Zaman zaman hepimiz yaşadığımız anın içinde kalamadığımızdan dert yanarız. Ne yapsak o anın içine giremiyormuşuz gibi hissederiz. Çevremizi karşı algılarımız değişir, bir an önce başka bir yere gitmek isteriz, hatta belki oldukça mutsuz da hissederiz. Sinir bozucu olan bu durum günlük yaşantımızı negatif etkileyen sorunlardan biridir.
Örneğin güneşli bir günde güzel bir kumsaldayız fakat büsbütün orada değiliz, sanki beynimizin içinde bir şeyler bizi geçmişe veya geleceğe götürüyormuş gibidir. Ya da çok sevdiğimiz bir insanın doğum günündeyiz ama sanki sadece vücudumuz oradayken beynimiz orada değilmiş gibidir. Böyle zamanlarda davranışlarımız da içtenliğini kaybettiği için absürt bir durum ortaya çıkar.
Peki yaşadığımız o güzel anları tamamıyla yaşamamamızı zorlaştıran şeyler nelerdir? Ne yazık ki bu sorunun yanıtı kesin şudur demek mümkün değil, ancak kaygı sorunları yaşamanın şimdiki zamanda kalmamızı zorlaştıran en büyük etkenlerden biri olduğu söylenebilir.
 Yaşadığımız an, her zaman belleğimizin arka planında farkında olduğumuz, muazzam sayıda olasılık içerir. Bunların bir kısmı deprem, reddedilme, başarısız olma gibi olumsuz olasılıklardır. Bu tür olasılıkların toplamı da spesifik olmayan, genel bir kaygıya neden olabilmektedir. ‘Neyin geleceğine dair bilinmezlikteki basit korku’ bu kaygıyı ifade eden en özet açıklamadır.

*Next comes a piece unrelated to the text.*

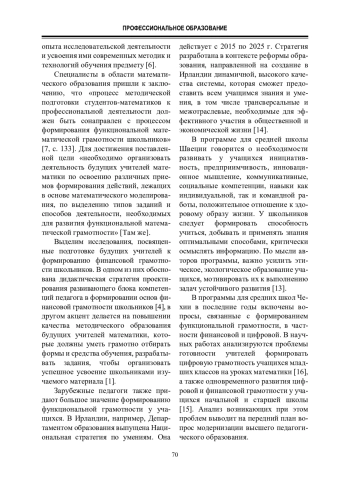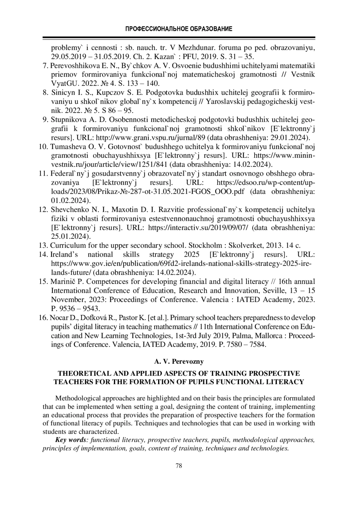 7. Перевощикова Е. Н., Бычков А. В. Освоение будущими учителями математики приемов формирования функциональной математической грамотности // Вестник ВятГУ. 2022. № 4. С. 133 - 140.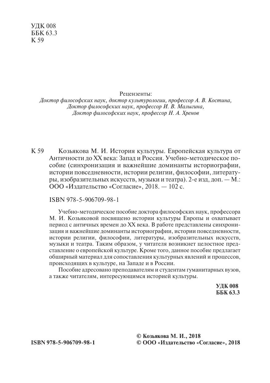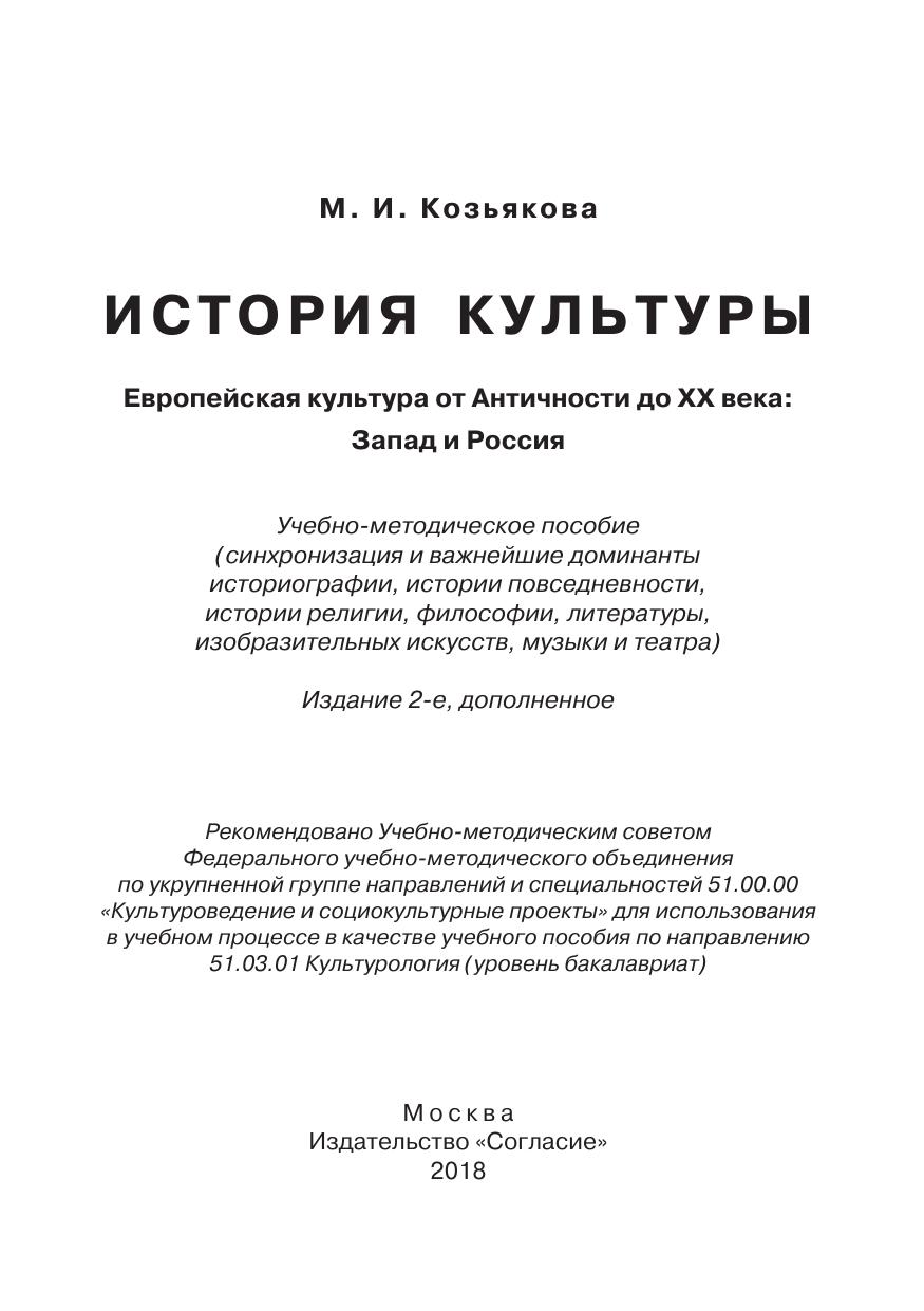 Учебно-методическое пособие доктора философских наук, профессора М. И. Козьяковой посвящено истории культуры Европы и охватывает период с античных времен до XX века. В работе представлены синхронизация и важнейшие доминанты историографии, истории повседневности, истории религии, философии, литературы, изобразительных искусств, музыки и театра. Таким образом, у читателя возникнет целостное представление о европейской культуре. Кроме того, данное пособие предлагает обширный материал для сопоставления культурных явлений и процессов, происходящих в культуре, на Западе и в России. Пособие адресовано преподавателям и студентам гуманитарных вузов, а также читателям, интересующимся историей культуры.

Yaşadığımız andan kopmamızın başlıca sebeplerinden bir diğeri de her şey yolunda olmasına rağmen bir şeylerin yanlış olduğu/gittiği hissene kapılmaktır. Diyelim ki arkadaşınızla buluşmak için bir kafeye gittiniz ve oturup muhabbet etmeye başladınız. Sonra bir anda beyninizin içinde “Neden buradayım? Neden şimdi bunları konuşuyoruz? Acaba şu an onun karşısında nasıl görünüyorum? Kalkmak için izin istesem nasıl düşünür gibi sorular dönmeye başladı ve bir şeyler yanlış gidiyormuş hissine kapıldınız. Ne yazık ki böylelikle yavaş yavaş konsantrasyonumuzu kaybederiz ve yaşadığımız andan kopmamız kaçınılmaz olur.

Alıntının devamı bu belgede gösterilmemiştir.